Saturday, October 09, 2004

Diagnosing Bush

Of course it is irresponsible to analyze the president's health from afar. But it is also irresponsible for him to skip a check-up, as he has done. (See the post "Promptergate and Bush's health," below.)

Since medical issues may explain both W's poor performance in debate #1 and -- as we shall see -- the improvement of debate #2, let us allow ourselves some room to speculate. Consider what follows our very own home-grown version of Kremlinology.

A correspondent sent me the following:

The argument for President Bush having Wernicke-Korsakoff's syndrome
(WKS).

It has recently been suggested that President Bush is suffering from pre-senile dementia or early Alzheimer's as a way of explaining his apparent decline in verbal skills over the past decade. If only for partisan reasons, some are inclined to believe this diagnosis, however it does not really fit with the signs seen in the president.

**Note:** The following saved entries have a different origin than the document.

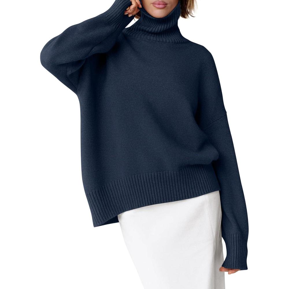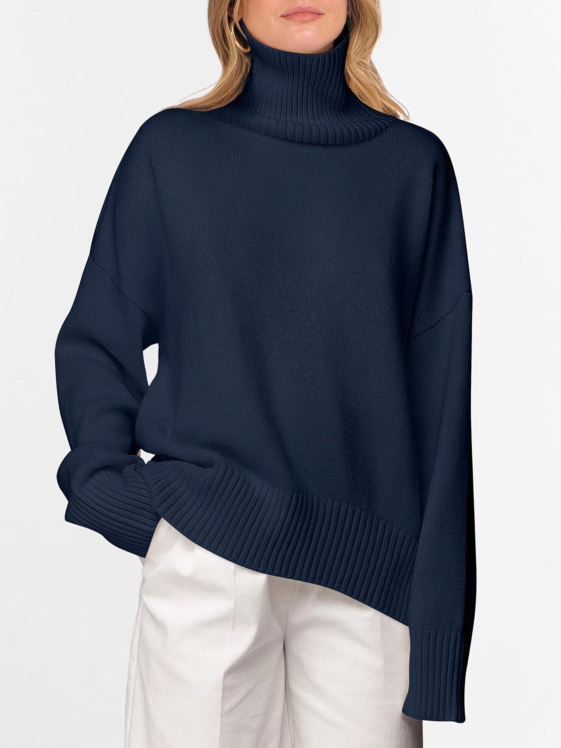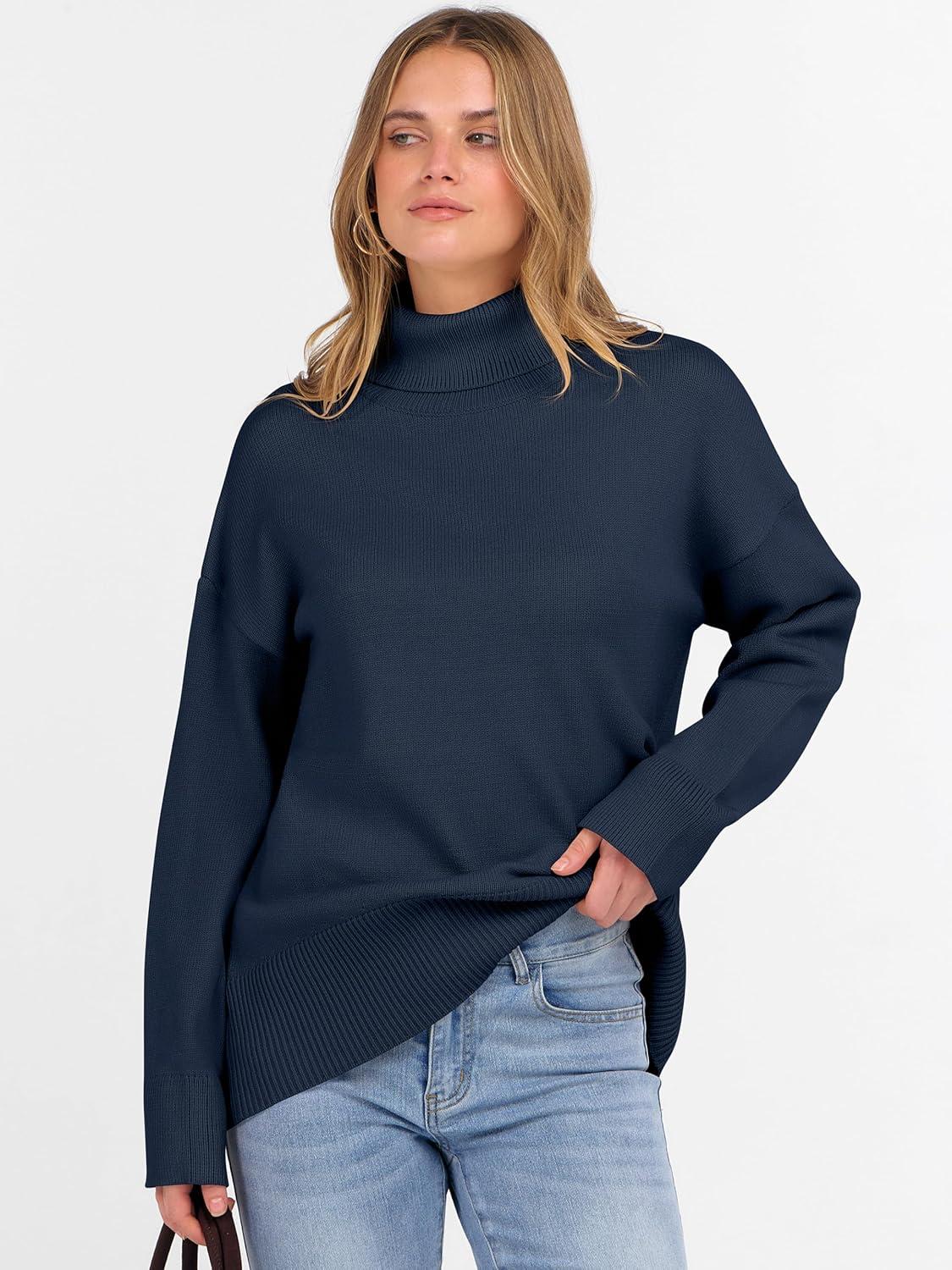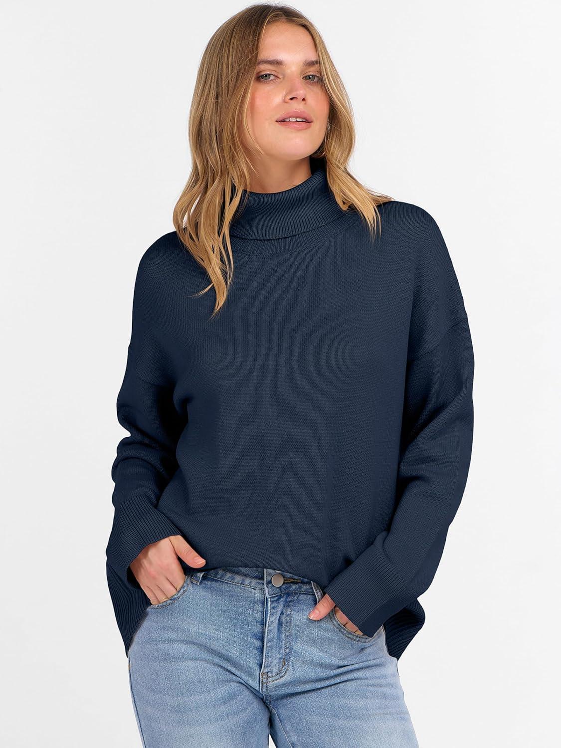 ANRABESS Womens Turtleneck Sweaters Oversized Chunky Long Sleeve Knit High Low Hem Pullover Top 2025 Fall Winter Fashion(Navy Blue)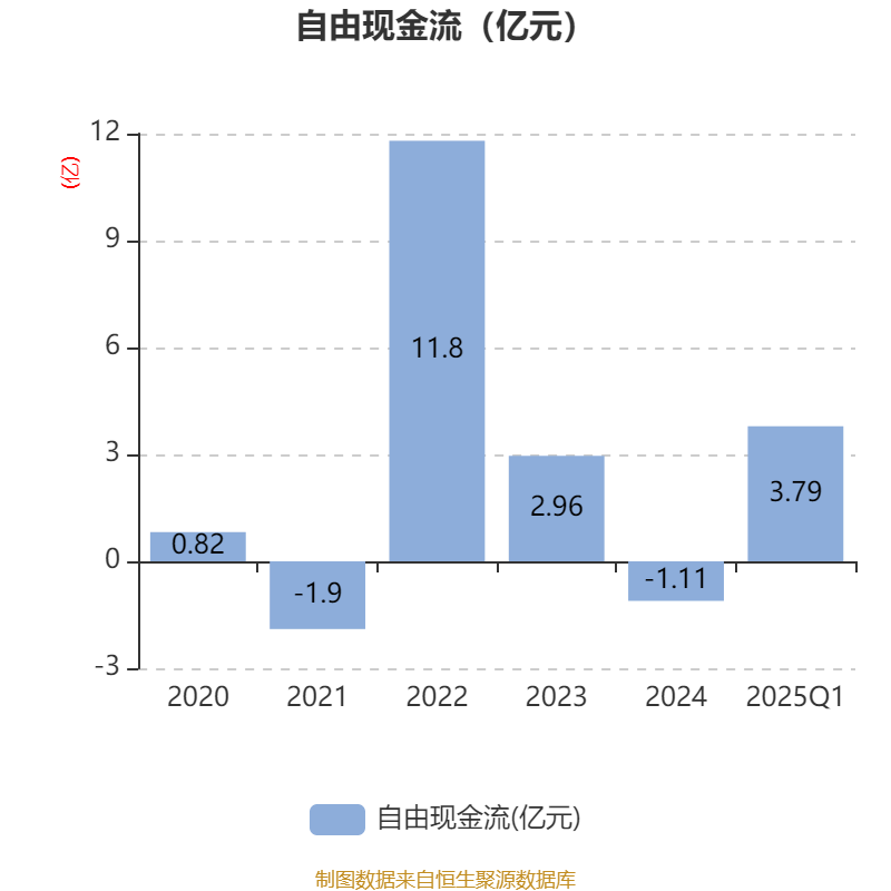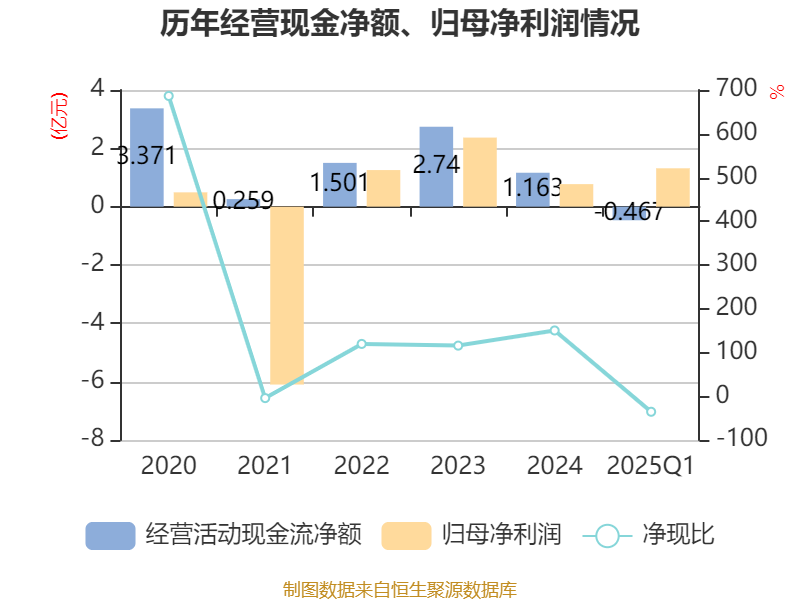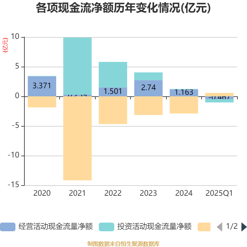 截至2025年一季度末,公司经营活动现金流净额为-4667.9万元,同比增加3696.66万元;筹资活动现金流净额5757.97万元,同比增加3058.18万元;投资活动现金流净额-5642万元,上年同期为-5259.93万元。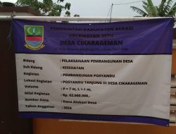 PublikasiPendidikan.com | Kab. Bekasi – LBH Perisai Putra Bekasi meminta Inspektorat Kabupaten Bekasi agar turun lapangan meninjau Proyek Pembangunan Gedung Posyandu di Desa Cikarageman Kec. Setu Kab. Bekasi, Pasalnya berdasarkan informasi masyarakat setempat dan investigasi lapangan oleh tim ditemukan kejanggalan dalam detail penyaluran Dana Desa dan kenyataan di lapangan.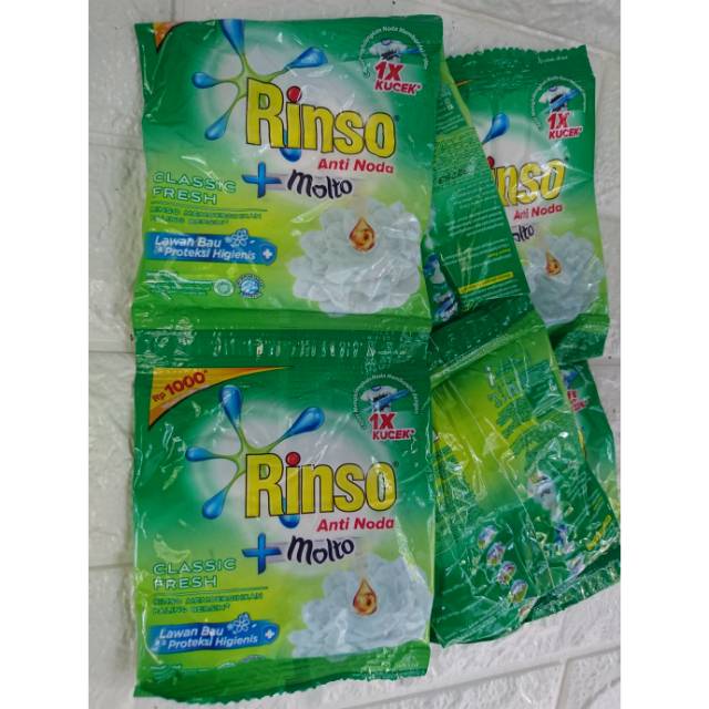 Rinso Anti Noda + molto. Lawan Bau. Classic Fresh= 1 renteng isi 6 sachetPembelian dapat Eceran 1 renteng atauPembelian 5 renteng = harga grosir. Pembelian ecer dan grosir#sabun #rinso #detergen #sembako #grosirsembako #grosirsembako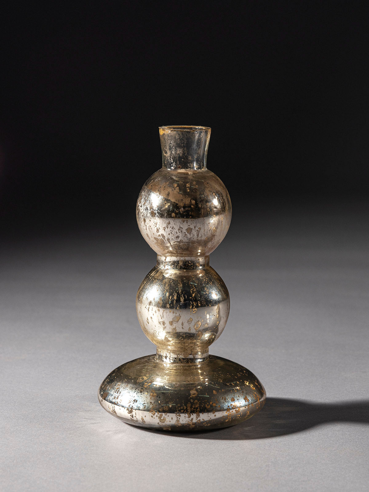 Hand-finished in antique mercury glass, the Rheum Glass Candle Holder brings refined artistry to your décor. Its sculptural form reflects light in captivating ways, turning candlelight into a glowing centerpiece. Perfect for mantels, consoles, or festive displays, it combines bold design with timeless sophistication. A decorative essential that balances functionality with elegance, making it a radiant addition to modern and traditional interiors alike.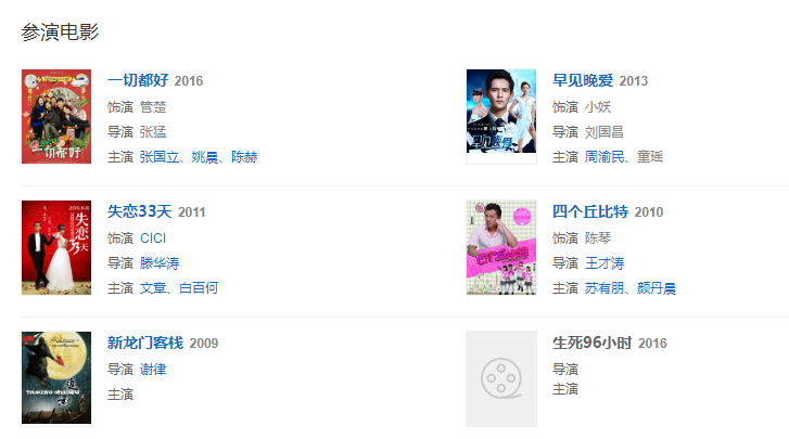 2011年,因在文章、白百何領(lǐng)銜主演的愛(ài)情電影《失戀33天》飾演CICI而受到關(guān)注。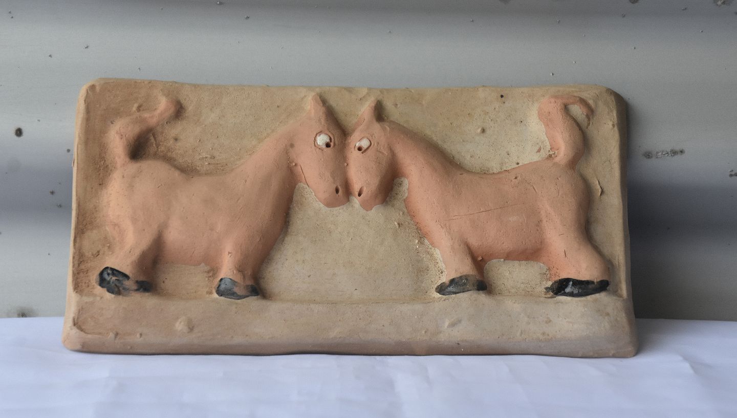 Relief, 2 heste, der står med mulerne mod hinanden. Kun brunlige farver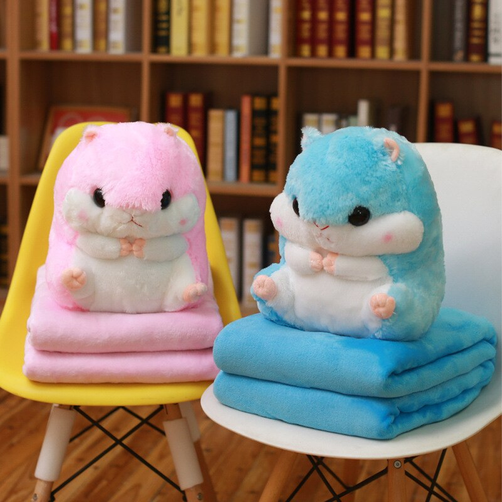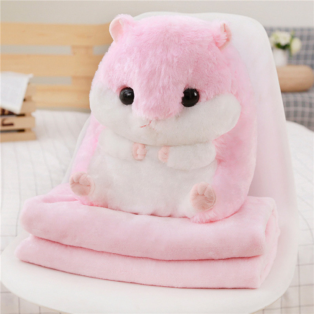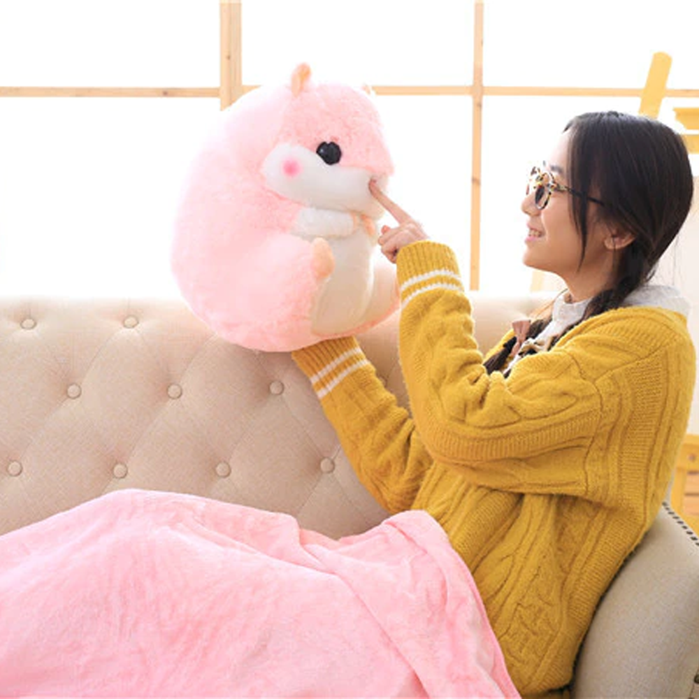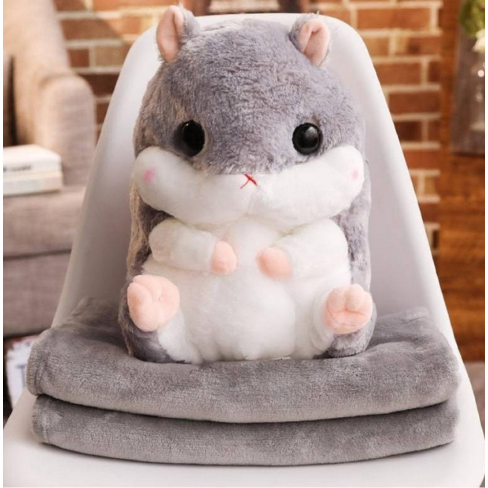 Игрушка-подушка Хомяк с пледом 3 в 1 ∙ Мягкая игрушка + Плед + Подушка Хомячок, 100 x 100 см ∙ Розовый / голубой / коричневый / серый

One main point made in argument that he has pre-senile dementia is the supposed confabulation observed by Dr. Price. While the Presidents fumbles do seem to fit the description of confabulation, that symptom is almost pathognomic (clinically defining as) Korsakoffs psychosis, a condition normally paired with Wernicke's encepholopathy. Wernicke-Korsakoff syndrome is seen in alcoholics thought to be brought on by a resulting thiamine deficiency. How strong the symptoms appear to be depends on how quickly the alcoholic quits drinking in relation to the onset of the symptoms. In the case of the President he seems to have stops just as things began to get bad.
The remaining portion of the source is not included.